Task item: Please reproduce all of the listing below exactly and drop its images.

Given material:
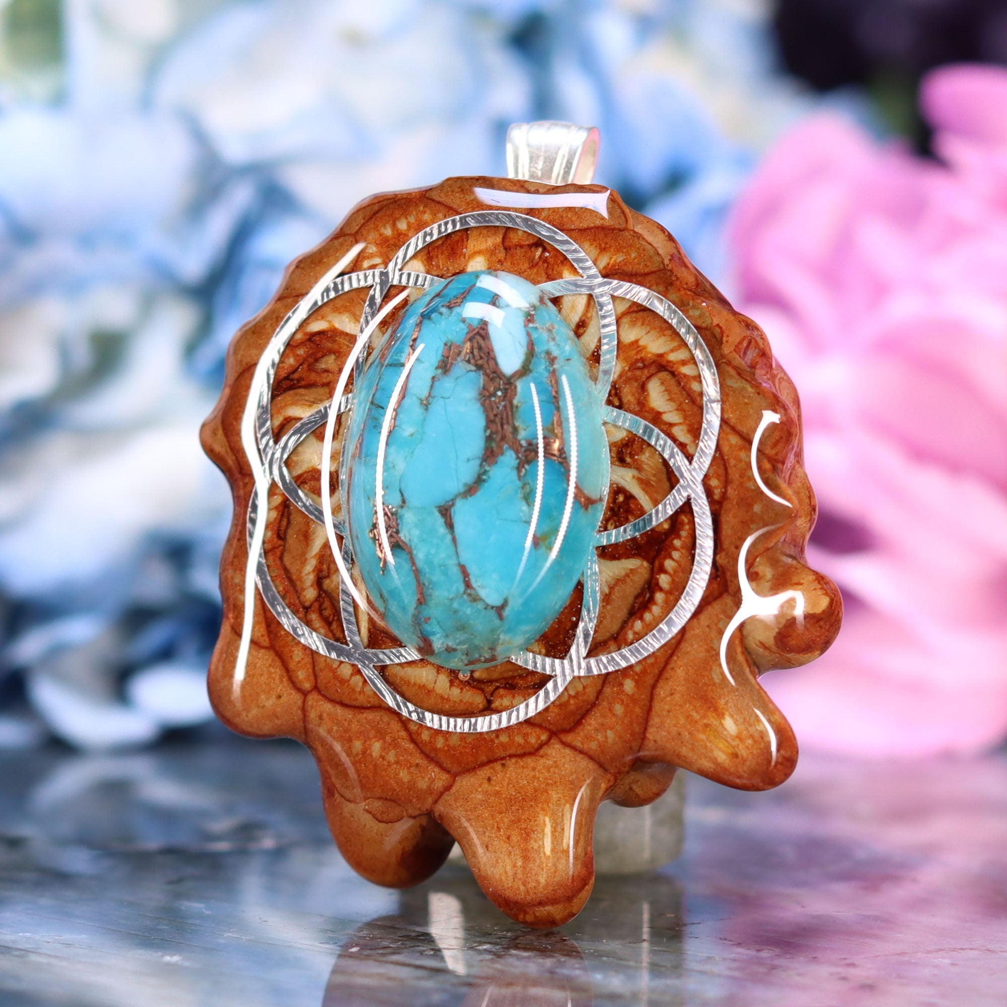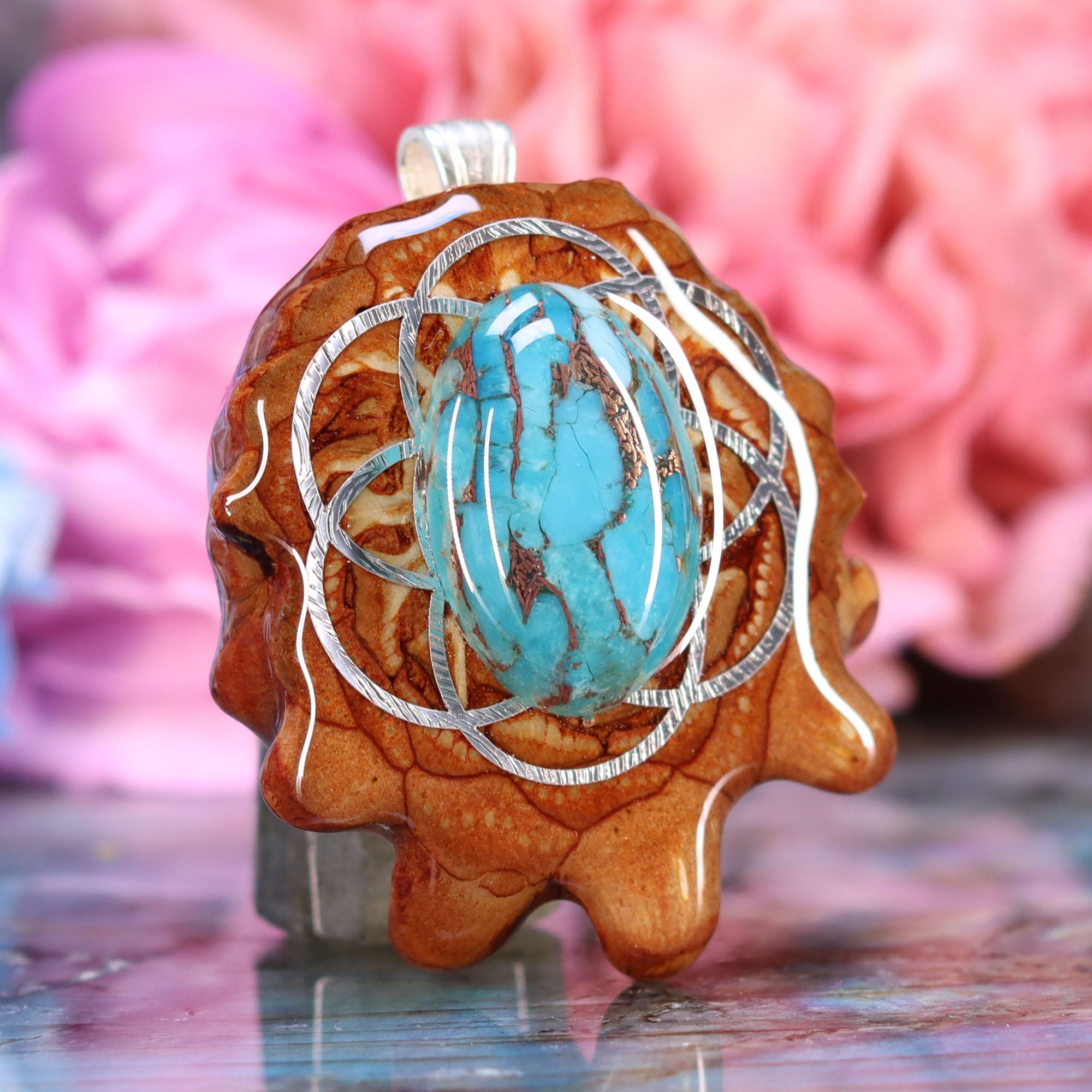 Every pinecone pendant is an elegant gift from Mother Nature -- unveiling the ornate Sacred Geometry hidden at the center of one of the world's densest Pinecones. Because only one cross-section is taken from the "heart" of each Cone, every pendant is absolutely unique, and truly one-of-a-kind.
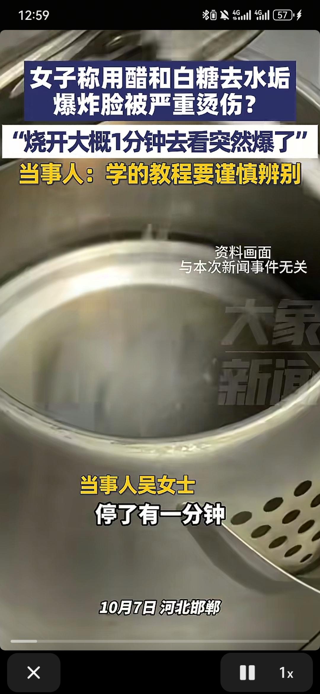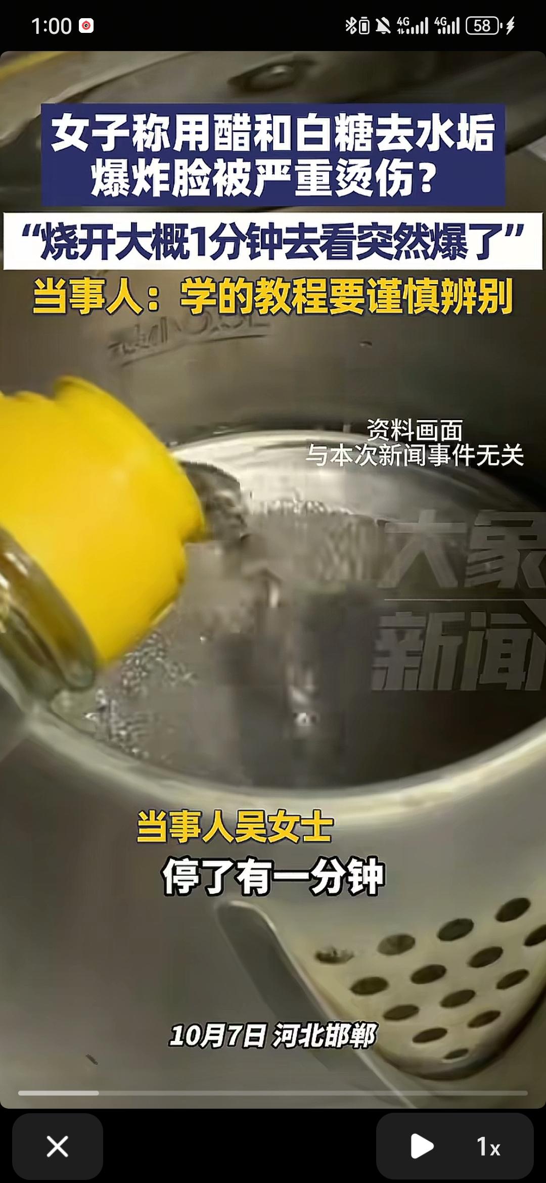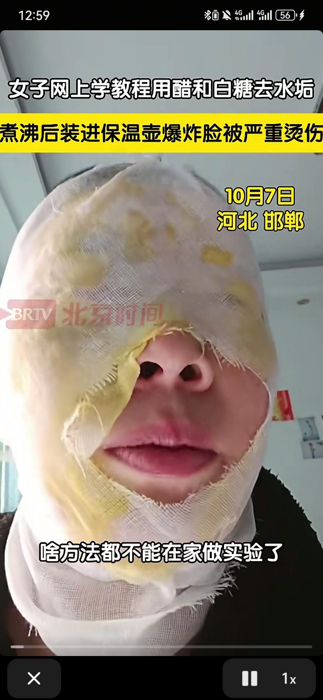 女子学网上“去水垢”教程 不慎爆炸,脸部烫伤 河北一女子因为水壶里面有水垢,于是便学网上的“去水垢”方法。 吴女士将醋和白糖倒进烧水壶,烧开有一分钟过后去查看还有没有水垢,突然间爆炸,面部被烫伤,皮肤大面积脱落。 平时在网上看到此类的视频,要谨慎辨别,可以多渠道查一查,不能只看一个就轻信。
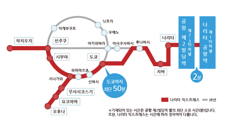 ▶도쿄 나리타 공항열차 목적지까지 소요시간
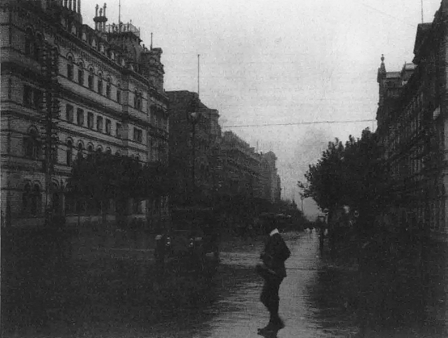William Street, Melbourne c1913. The Queensland Building, partially visible right of centre, is the tallest building in this block between Bourke and Collins Street. (City of Melbourne Art & Heritage Collection)

Completed exercise:
 Every pinecone pendant is an elegant gift from Mother Nature -- unveiling the ornate Sacred Geometry hidden at the center of one of the world's densest Pinecones. Because only one cross-section is taken from the "heart" of each Cone, every pendant is absolutely unique, and truly one-of-a-kind.
 女子学网上“去水垢”教程 不慎爆炸,脸部烫伤 河北一女子因为水壶里面有水垢,于是便学网上的“去水垢”方法。 吴女士将醋和白糖倒进烧水壶,烧开有一分钟过后去查看还有没有水垢,突然间爆炸,面部被烫伤,皮肤大面积脱落。 平时在网上看到此类的视频,要谨慎辨别,可以多渠道查一查,不能只看一个就轻信。
 ▶도쿄 나리타 공항열차 목적지까지 소요시간
William Street, Melbourne c1913. The Queensland Building, partially visible right of centre, is the tallest building in this block between Bourke and Collins Street. (City of Melbourne Art & Heritage Collection)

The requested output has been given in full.